The Fountainhead
Thu 27 February 2014 by Thejaswi PuthrayaAfter finishing a book, whenever I asked for recommendations for my next, one book always figured in it, "The fountainhead". Many described it as a cult book, one that changed lives. With such compulsive reviews, dare I miss it?
Howard Roark is kicked out of architecture school because his ideas are bizarre and unconventional. He is unperturbed and moves on to make something of his passion. He interns under Henry Cameron, an architect who is pushed to obscurity due to the very ideas that Roark was expelled from school. After Cameron's death, Roark joins Guy Francon's firm under Peter Keating, a wily architect who gets his work done more through flattery than through his talent. Unable to suppress his vision, Roark is fired for insubordination.

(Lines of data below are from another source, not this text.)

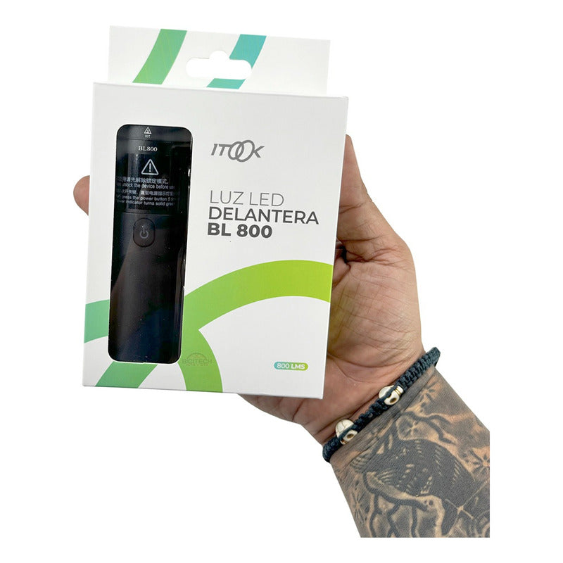 RIVOLT CYCLING DISTRIBUIDOR AUTORIZADO ITOOK COLOMBIA Linterna Delantera Para Bicicleta ITOOK BL800 Lúmenes Para Garmin. Largo Ángulo De Alcance / Resistente Al Agua. DESCRIPCIÓN: - Capacidad de batería 2500 mAH. - Carga por USB Tipo C. - Indicador de carga LED azul. - Brillo alto 800 LM tiempo de descarga 1 hora 30 Minutos. - Brillo medio 630LM tiempo de descarga 2 horas. - Brillo Bajo 480 LM tiempo de descarga 2 horas 45 minutos. - Brillo Eco 200 Lm tiempo de descarga 6 horas 45 minutos. ¿Qué incluye el paquete? - 1 cable de carga USB Tipo C. - 1 linterna iTook BL800. - 1 soporte para dirección. Dimensiones: largo 10 x3 x3 cms Peso aproximado: 101 gramos. ¿Cuándo Se Envía Pedido? MercadoLibre recolecta nuestros productos a las 12 del medio día de lunes a sábado, las fechas de entrega aproximadas son la que indica la plataforma, normalmente se entregan antes. ¿Tienen alguna garantía? Todos nuestros productos cuentan con garantía por defectos de fábrica, no cubre malas instalaciones, golpes, modificaciones o desgaste por uso normal.
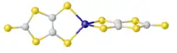 - ^ W.T.A. Harrison; R.A. Howie; J.L. Wardell; S.M.S.V. Wardell; N.M. Comerlato; L.A.S. Costa; A.C. Silvino; A.I. de Oliveira; R.M. Silva (2000). "Crystal structures of three [bis(1,3-dithiole-2-thione-4,5-dithiolato)zincate]2− salts: [Q]2[Zn(dmit)2] (Q = 1,4-Me2-pyridinium or NEt4) and [PPh4]2[Zn(dmit)2]·DMSO. Comparison of the dianion packing arrangements in [Q]2[Zn(dmit)2]". Polyhedron. 19 (7): 821–827. doi:10.1016/S0277-5387(00)00322-3.
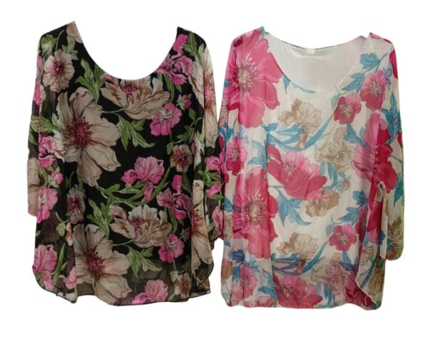 Fresca casacca a tema di fiori, realizzata in viscosa adatta alla calda stagione.
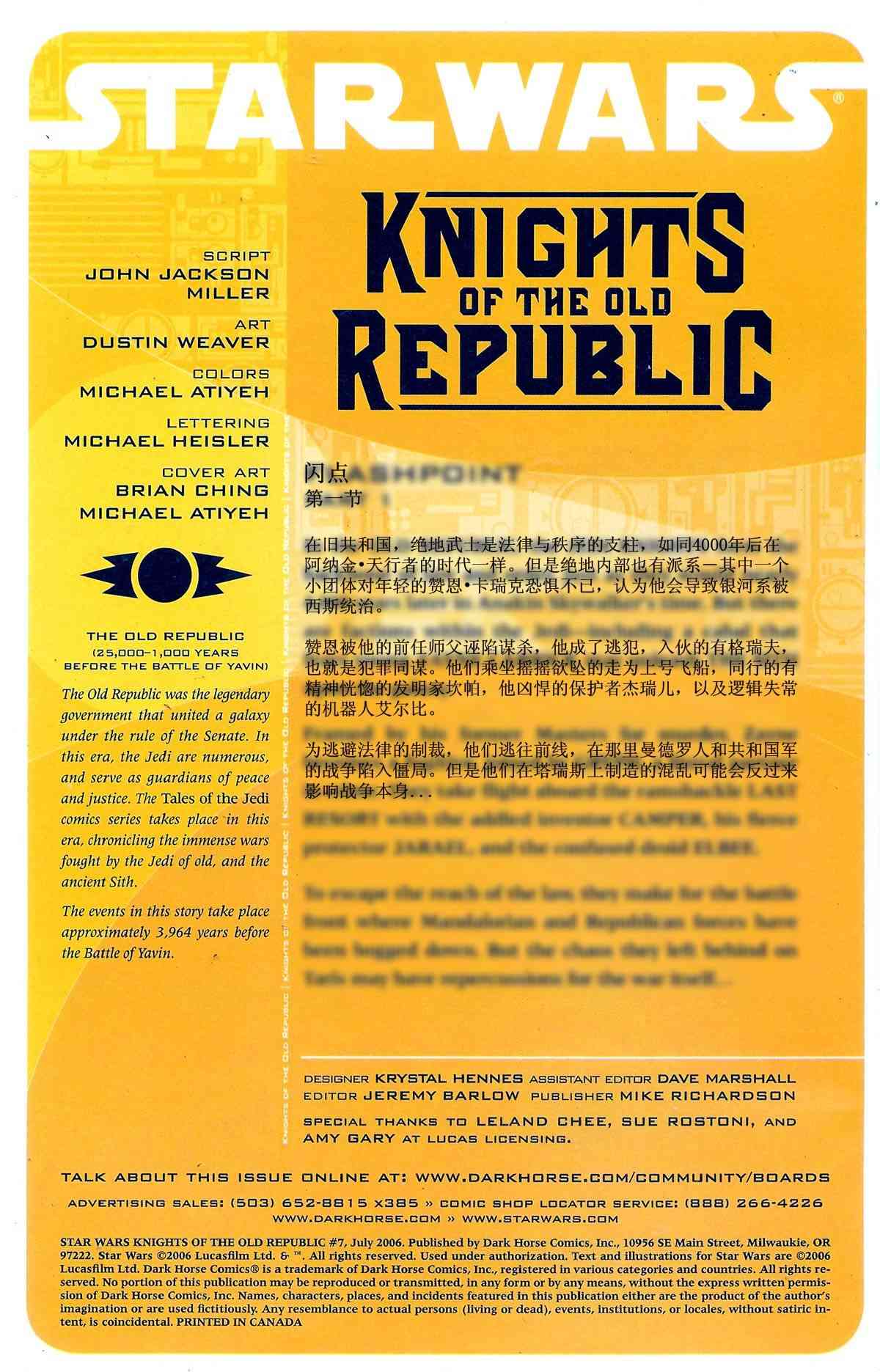 《星球大戰(zhàn)舊共和國武士》目錄
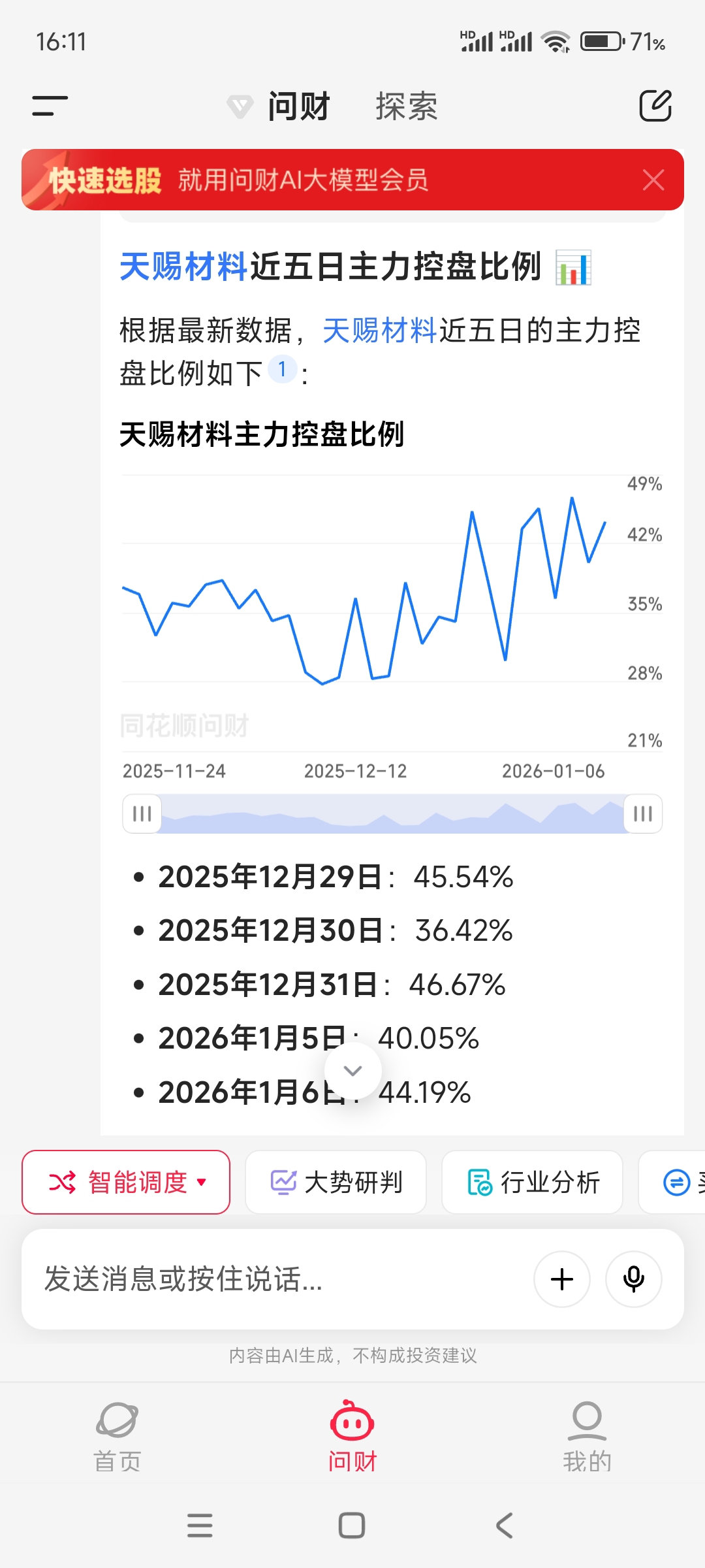 自11月24日以来,今天主力控盘比例为第四高为44.19%,12月23日为第三高45.24%。
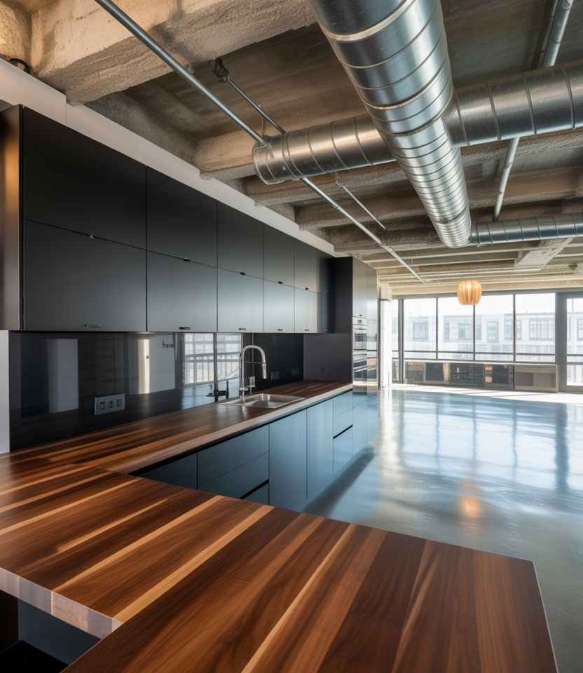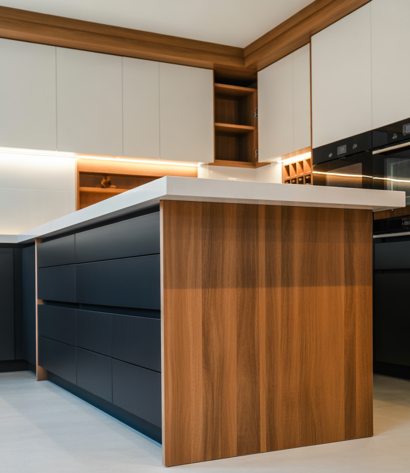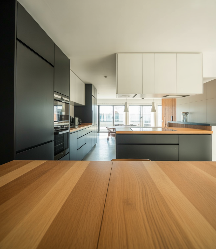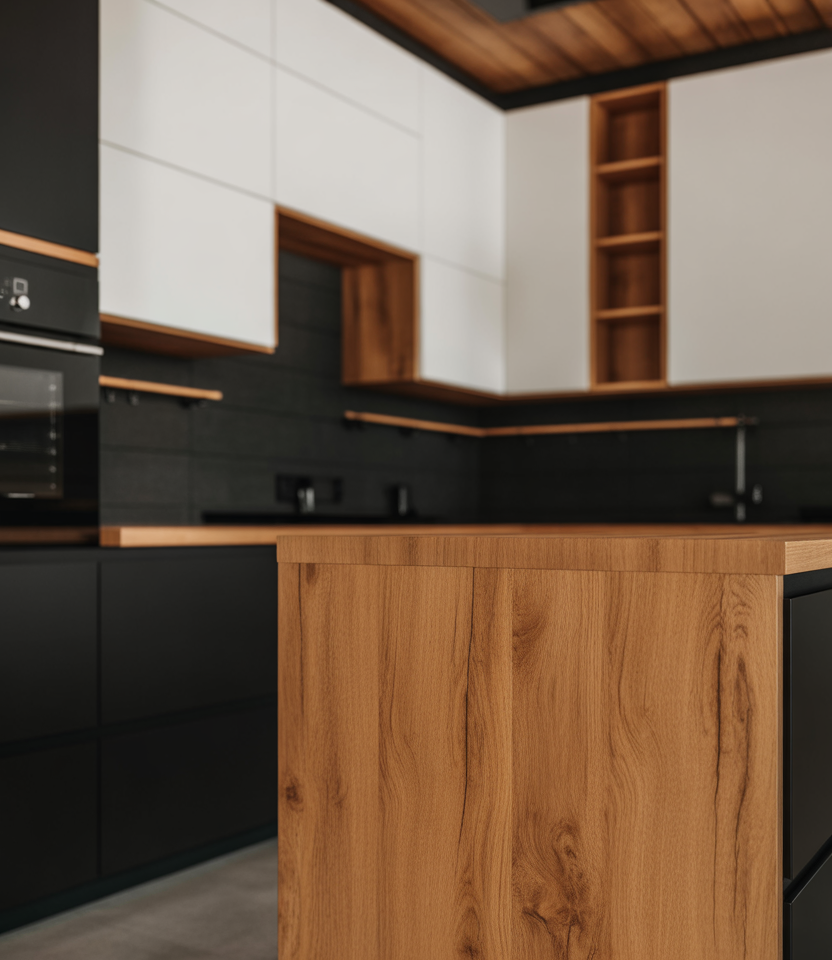 Another dramatic idea is pairing black and white cabinetry—maybe black on the island and white on the perimeter—and topping it off with a warm wood countertop (or white oak) for contrast. The white keeps it bright, the black grounds it, and the wood adds warmth and texture. This style is especially fitting for open‐plan living where kitchen and dining or lounge spaces combine.
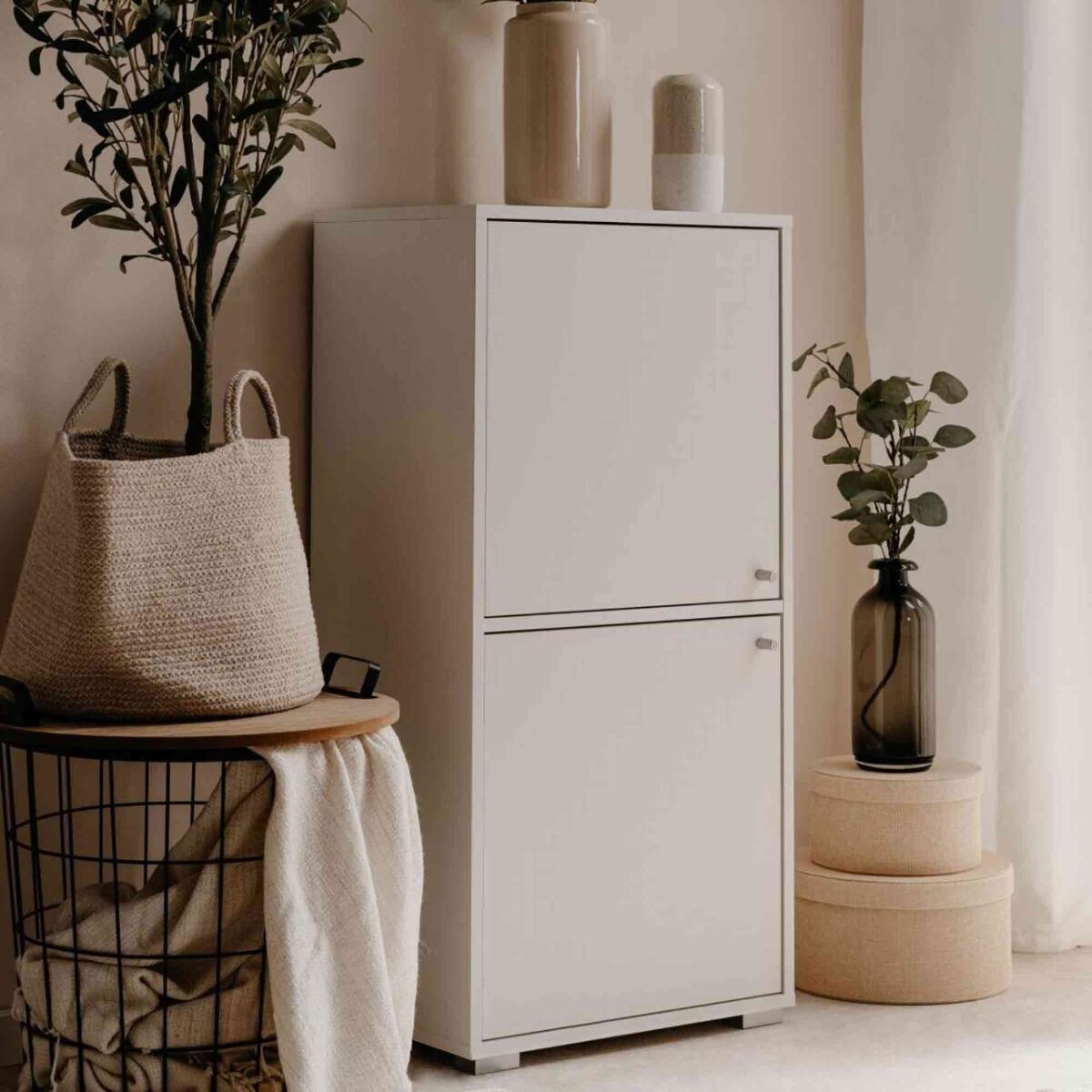 Conveniente Mobile multiuso con due ante e tre ripiani, Bianco

Roark starts his own firm but doesn't get enough traction and winds it up to go and work on a granite quarry. Here he encounters Guy Francon's daughter Dominique and their unusual love story begins. But before their love story can make further progress, Roark is called back to resume his work at his own firm.
Ellsworth Tahooey, a self styled expert on everything under the sun and a news commentator connives with Peter Keating to get Roark a project only to have him sued upon it's completion. The whole architectural community is looking down upon Roark when Gail Wynad, a millionaire who made it from the scratch commissions Roark to build a home for him. Wynad and Roark become good friends in the process but their friendship is tested in a scandal conjured up by Tahooey. Throughout the novel, we see Roark unflinchingly driven by his conviction and vision and goes to any extent to defend them.
Most of the people who recommended this book read it during their undergrad years and that's why this influenced them so heavily. Having seen a little bit of corporate culture where one has to be pragmatic (not an idealist like Roark), I found the book a very good read but not one which swayed me.